If this rot—the competitive looting of the state—is not stopped there is little chance of ending the violence, as documented in a report by our new investigative initiative, The Sentry. But the task in 2017 is to identify the financial drivers of war and begin to dismantle the violent kleptocratic system. Mistaken for a call for regime change, it is actually about system change. This reform agenda is a prerequisite for lasting peace, in South Sudan and in other states around the world where illicit financial flows fuel bloody conflict.
Hit them where it hurts
Responses to South Sudan’s chaos are currently ineffectual. The sound and fury of international indignation signify nothing to the orchestrators of atrocity because there is no enforcement. We counted 65 times in which senior officials around the world have threatened South Sudan’s leaders with consequences, but failed to take any meaningful action, since the latest war began in 2013. Its generals and politicians are largely unmoved by damning human-rights reports or press releases, UN Security Council protests, the deployment of peacekeeping troops, threats of arms embargoes and the unenforced sanctioning of mid-ranking officials. None of these responses affects the calculations of the warring parties because they do not target their pressure points and vulnerabilities.
A more effective approach requires going after the ill-gotten assets of warlords and their foreign facilitators, including businesses and arms dealers, because that is where they are most vulnerable. Experience from efforts in countering terrorism, nuclear proliferation and organised crime is instructive. The lessons include combining measures against money laundering with targeted asset freezes on war leaders and their accomplices. All this requires robust enforcement by banks. In the most successful cases, targeted officials are locked out from the financial system, creating real international leverage.
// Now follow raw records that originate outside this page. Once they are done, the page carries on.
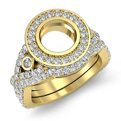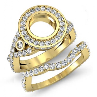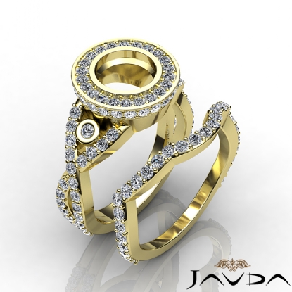 Gorgeous in design, this 14k Gold Yellow bridal set weighs The round semi mount engagement ring and matching band feature pave set round diamonds in halo and criss cross shank looking fabulous! (2.1Ct. tw.)
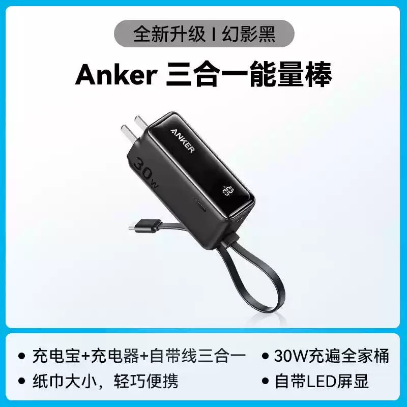 Anker安克三合一充电宝typec带插头移动电源plus能量棒30W充电器充电宝10000毫安自带C线适用苹果16安卓华为
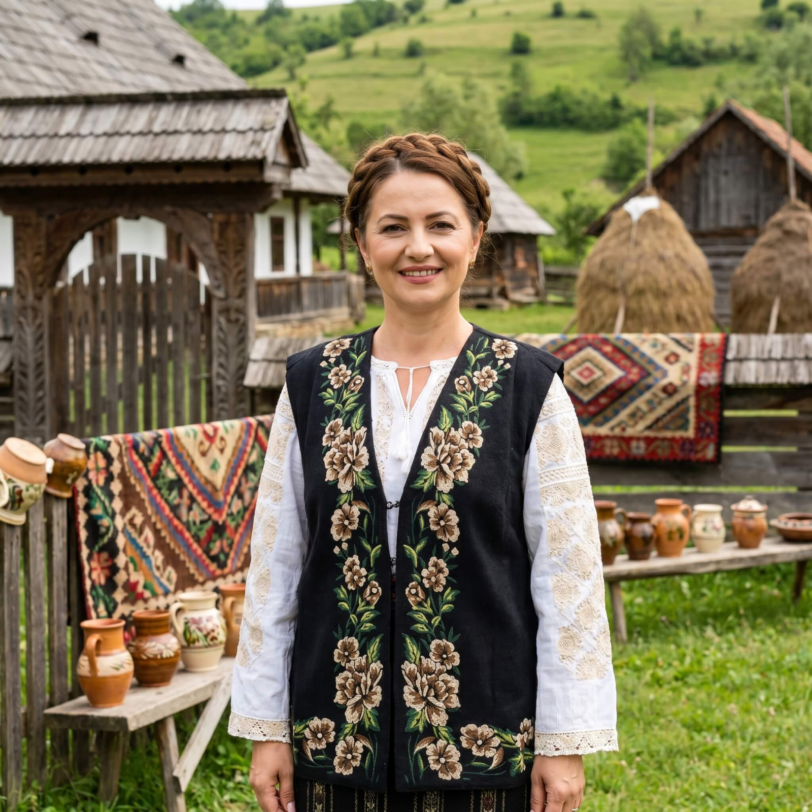 Vesta traditionala femei Mariuca este un articol vestimentar deosebit, ce imbina armonios elemente traditionale romanesti cu functionalitatea moderna. Confectionata dintr-un amestec de lana si acril, aceasta vesta ofera atat confort, cat si o rezistenta sporita, fiind ideala pentru zilele racoroase. Designul vestimentar este accentuat de motive traditionale brodate, inspirate din zona Transilvaniei, recunoscuta pentru bogatia ornamentala si cromatica sa. Culorile predominante sunt negru si auriu, creand un contrast elegant si rafinat. Tehnica de brodare evidentiaza maiestria cu care sunt realizate detaliile florale si geometrice, conferind vestii un aspect unic si autentic. Aceasta vesta poate fi combinata cu diverse tinute traditionale sau moderne, adaugand un plus de distinctie si eleganta oricarui outfit.
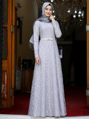 Rabeysa Gri Defne Abiye Elbise
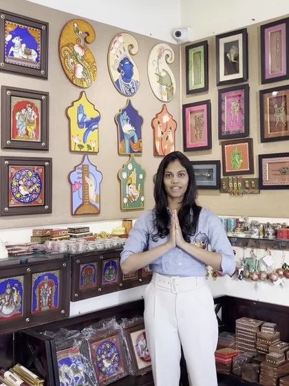 We make Tanjore paintings with real 22-karat gold foil, offer Kerala murals and glass art, and can customize any piece to your style or space.
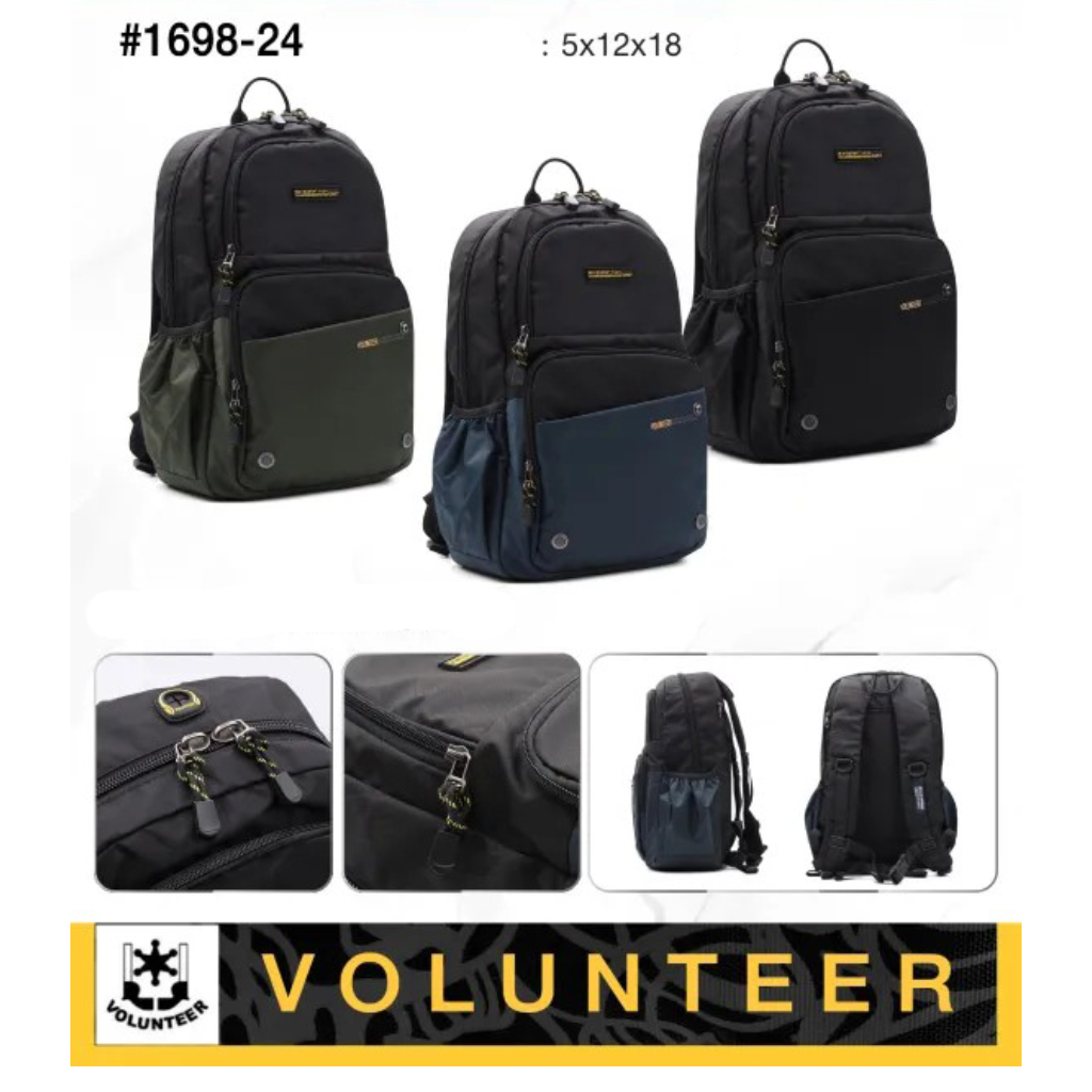 کوله پشتی والنتیر VOLUNTEER مدل 1698-24 ساخته شده از جنس پلی استر، کوله ای بسیار خوش سایز هست که از این محصول هم می توان به عنوان کوله ای برای استفاده روزمره استفاده نمود. در محفظه اصلی آن در یک طرف محفظه و در طرف دیگر آن یک جیب زپپ دار و دو جیب ساده برای قراردادن دفترچه و ... قرار دارد. در جلوی محفظه اصلی یک محفظه زیپ دار قرار دارد و در جلوی آن در خارجی ترین قسمت کوله دو جیب زیپ دار قرار دارد. در قسمت های بغل کوله یک جیب توری برای قرار دادن بطری آب و غیره میباشد.در پشت کوله هم یک زیپ سراسری وجود دارد. قسمت پشت کوله دارای مش (ابر) ضد عرق وجود دارد. بر روی بند کوله هم یک فیکسر قابل تنظیم وجود دارد. زیپ و یراق آلات این محصول بسیار با کیفیت است و سر زیپ های خاص آن به زیبایی کار افزوده است. وزن این محصول بسیار سبک 650 گرم می باشد.

It’s simple: go after the warlords’ wallets, bankrupt those who choose the bullet over the ballot, and suddenly the incentives are for peace, not war; transparency, not corruption. This is a lesson that policymakers could apply far beyond South Sudan, particularly in the effort to prevent mass atrocities.
Countless South Sudanese journalists, human-rights investigators, anti-corruption activists, government reformers and humanitarians are risking their lives to change the system. Highlighting their work globally is crucial, as we do in supporting the Aurora Prize, a global humanitarian award. Bringing international pressure to bear on war leaders would further level the playing field for these champions of civil society.
The coming year will provide multiple opportunities to translate talk into action. The G20 will launch its latest anti-corruption plan. A UN fact-finding mission on South Sudan’s conflict will report in March. Mr Kiir and Mr Machar, long-time rivals, will have a final chance to drag their country back from the abyss, or step aside for others with less of an interest in disorder.
The world must undermine the pillars of the war economy and disrupt the financial flows that fuel conflict. Western taxpayers and charitable donors have contributed billions of dollars for peacekeeping and humanitarian aid, but policymakers have rarely focused on the key driver of the carnage. Unless the links between conflict and corruption are confronted, peace will remain a distant dream.